» **TASK REQUIREMENTS**
With pictures excluded, give again exactly the lines running from the one holding "復合石墨不然保溫板,主要以無" through the end of the listing below.

» **EXERCISE DATA**
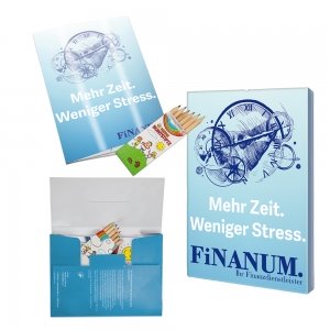 Artikel-Nr: HOP16.10001.00-14Unsere Malbücher bieten Kindern eine unterhaltsame und kreative Möglichkeit, die Welt spielerisch zu entdecken. Mit 18 liebevoll gestalteten Ausmalmotiven fördern sie nicht nur die Kreativität, sondern vermitteln auch wertvolles Wissen. Zwei Varianten stehen zur Auswahl: • Malbuch einzeln. • Mal-Set: Enthält zusätzlich eine praktische 6er-Buntstiftbox (Standardgestaltung), geliefert in einer hochwertigen, bedruckten Mappe. Veredelungsmöglichkeiten: • Standardausführung: Ab Lager lieferbar, optional mit zusätzlichem Logoeindruck. • Individuelle Gestaltung: Ab 500 Stück mit personalisierten Außenseiten für ein einzigartiges Design.
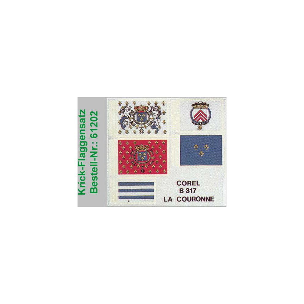 Modell tartozékok Krick hajómodellekhez: La Couronne zászlókészlet. Zászló piros/arany/kék 54 x 40 mm, zászló angyal fehér/vörös/arany 54 x 40 mm, zászló kék/fehér csíkos 40 x 28 mm, zászló kék/arany 48 x 35 mm, zászló fehér/kék/vörös/arany 48 x 35 mm.
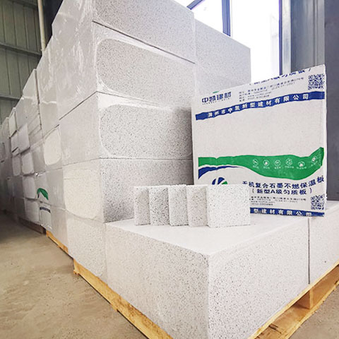 復合石墨不然保溫板,主要以無機膠凝材料、活性礦物微粉、膠粉、化學添加劑和水等為原材料,經過磨細制漿、聚苯顆粒包覆、注模后混合壓制成型注模,脫模后,在規定時間、條件下養護后經精細化切割制成的保溫板材。
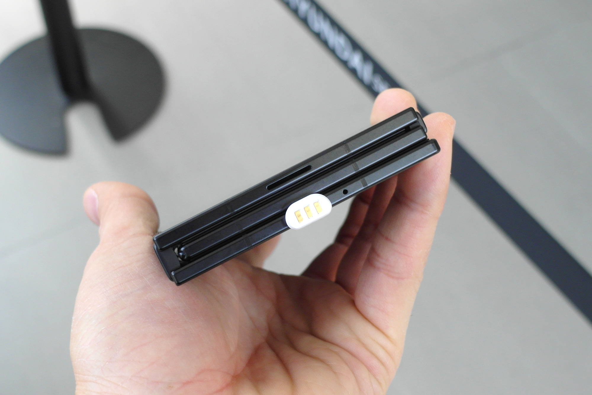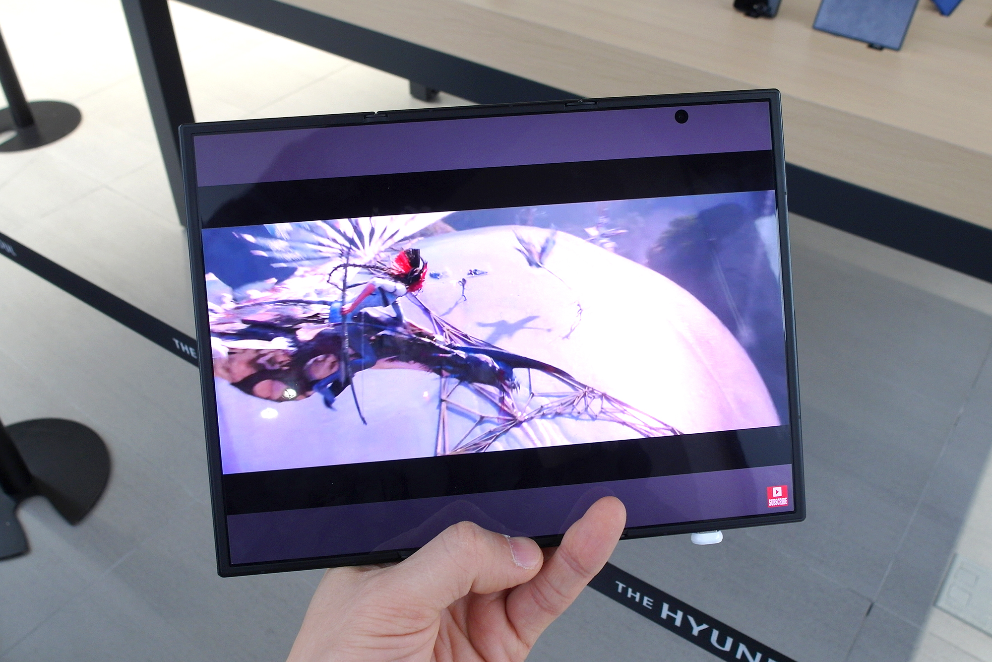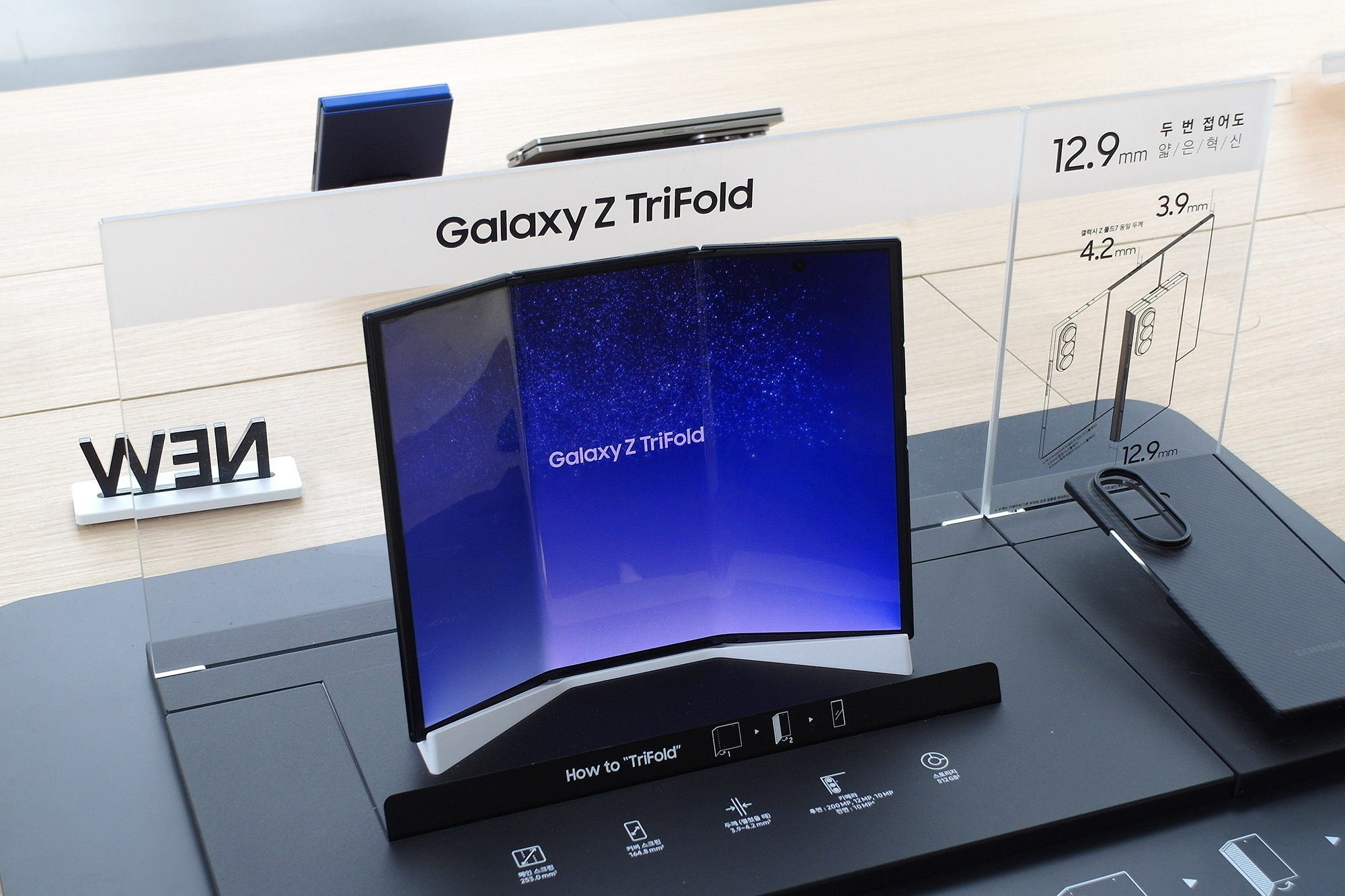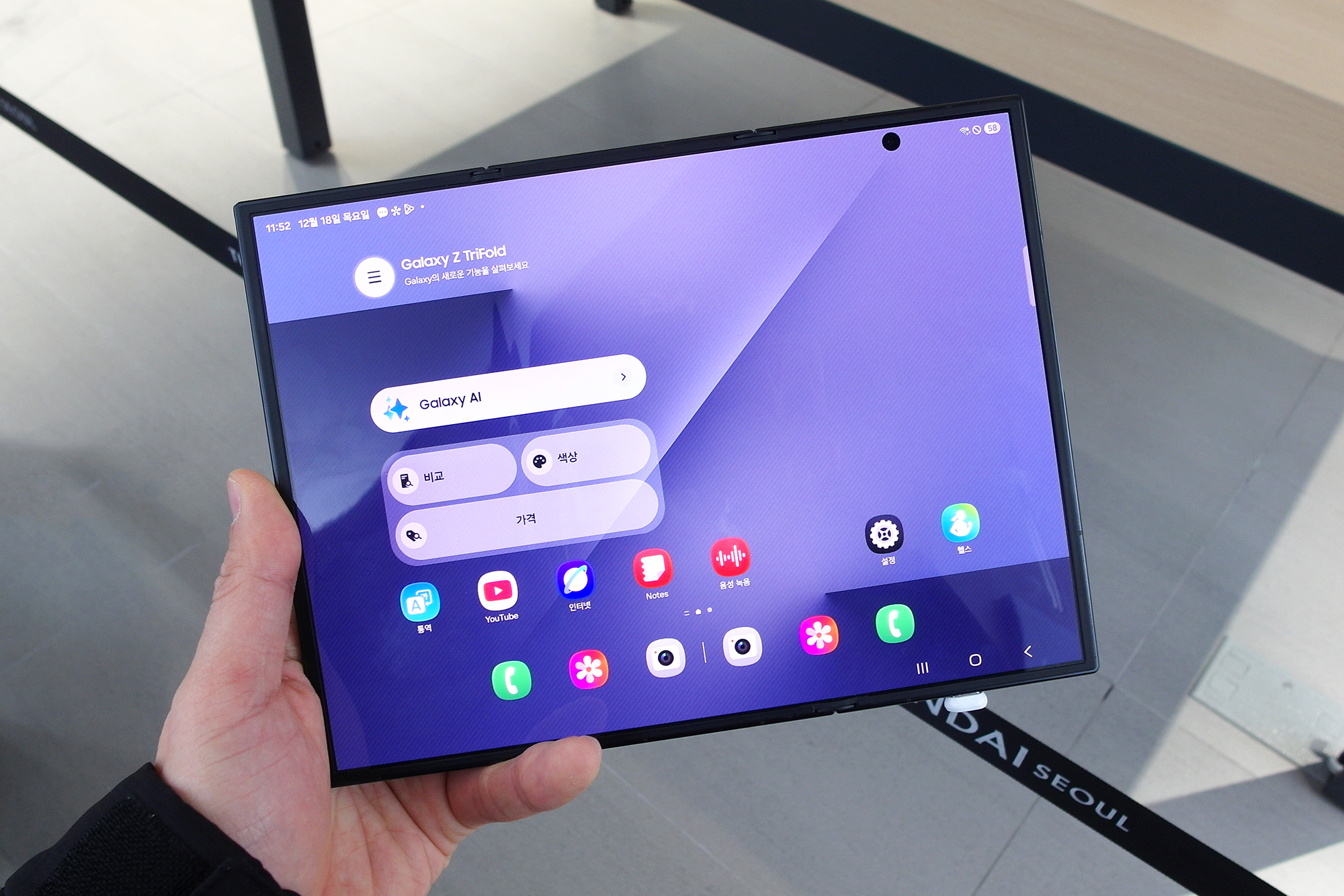갤럭시 Z 트라이폴드의 전시 모습을 살펴보면 흡사 2개의 힌지가 프리스탑을 지원할 것처럼 구성되어 있는데요. 실제로는 다른 폴드 시리즈처럼 힌지의 각도를 조절할 수 있는 것은 아니고 펼치거나 접거나 두 가지 방식으로만 사용할 수 있습니다. 아무래도 두 번 접는 제품의 특성상 중간에 각도를 주는 것이 크게 효용이 없다고 판단한 것으로 보입니다.

» **RESPONSE TO THE EXERCISE**
 復合石墨不然保溫板,主要以無機膠凝材料、活性礦物微粉、膠粉、化學添加劑和水等為原材料,經過磨細制漿、聚苯顆粒包覆、注模后混合壓制成型注模,脫模后,在規定時間、條件下養護后經精細化切割制成的保溫板材。
갤럭시 Z 트라이폴드의 전시 모습을 살펴보면 흡사 2개의 힌지가 프리스탑을 지원할 것처럼 구성되어 있는데요. 실제로는 다른 폴드 시리즈처럼 힌지의 각도를 조절할 수 있는 것은 아니고 펼치거나 접거나 두 가지 방식으로만 사용할 수 있습니다. 아무래도 두 번 접는 제품의 특성상 중간에 각도를 주는 것이 크게 효용이 없다고 판단한 것으로 보입니다.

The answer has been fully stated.